Соседка Антонина собралась в райсобес. Леди с интеллектуальными и артистическими способностями, намного превосходящими способности многих окружающих, тем не менее совершенно не способна к добыванию денег в плотных весёлых объятиях трудового коллектива. Какая-то прореха в социализации сквозит. То ли у неё, то ли у социализации, к которой следует приобщаться члену общества. Единственный её источник доходов – это сбор справок, подтверждение инвалидности, вопль о малообеспеченности, и всё из того же ряда. Собес- «содействие бесу социализма» – такая у меня расшифровка этого слова.

Антонина крутится перед зеркалом, которое висит в тёмной прихожей: «Подожди, я сейчас. Только оденусь. Вместе пойдём. Нам по пути до метро». – «Ну ладно, подожду», – соглашаюсь я опрометчиво. Жара. Июль.

Антонина убегает в угловую комнатку, через минуту выходит с ворохом одежд в руках – сама в трусах, без лифчика. Белая, как пожилая русалка. Тело как у осетрины. Свежее, упругое, чуть желтоватое от нежного жира. Спина и бока в складочку. Ноги- как у жирненькой пионерки лет 15, уже вступившей в половую зрелость. Антонина опять исчезает.

Выбегает в одном облике – длинной плиссированной юбке из шёлка: «Нет, что-то бабское. Слишком солидно». Выбегает в зелёных брючках цвета тропикано: «Жарко будет. Не то».

Выскакивает в коротеньком приталенном платье выше колен: «Ну как? Хорошо?» Я смотрю изумлённо. Голубые глаза её широко распахнуты – наивно так, мило. Стрелки накрашенных ресниц цветочно загнуты. Солнечные волосы так прекрасно гармонируют с белой свежей кожей, чуть розовой. Возраст и жировые складочки куда-то исчезают, шёлковое платьице озорной девчонки, еле сдерживающее напряжение в боках, кажется вполне уместным. Почему бы нет? Так мило! Так задорно! Озорная бабчонка в коротенькой юбчонке!

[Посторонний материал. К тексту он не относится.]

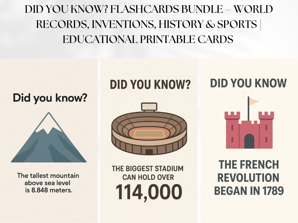 Did You Know? Flashcards Bundle – World Records, Inventions, History & Sports | Educational Printable Cards

Антонина что-то замечает в моих глазах: «Нет, не то! Слишком коротко. Всё-таки в собес иду…»

Выбегает через минуту в чём-то новом, ещё не продемонстрированном. Комбинезон, переходящий плавно в комбидресс. Короткие шорты, розовые, с очаровательными бабочками – к ним сверху пришита футболка в обтяжку, с треугольным глубоким вырезом на спине, зелёная, с цветочками. Символ лета! Боже, как ей идут эти нежные сочетания и оттенки! Она просит помочь её застегнуть молнию – от копчика до выреза на спине. Я с радостью подбегаю. С ужасом смотрю на предстоящую мне задачу. Комбинезончик явно не по размеру. Кажется – белую капроновую молнию не застегнуть ни за что. Не выдержит напора. Сломается ещё в начале пути. Антонина настойчиво требует: «Застёгивай!» – «Застегну-то застегну, – говорю я, вся вспотевшая от напряжения, стягивая её бока изо всех сил, даже чуть ли не нажимая коленом ей на зад, чтобы сбавить напряжение телес под молнией, – застегну-то застегну, а вдруг на улице разойдётся! Или, ещё хуже, – прямо в собесе!». – «Ничего, не разойдётся. Я в нём уже выходила. Сдавливай сильнее».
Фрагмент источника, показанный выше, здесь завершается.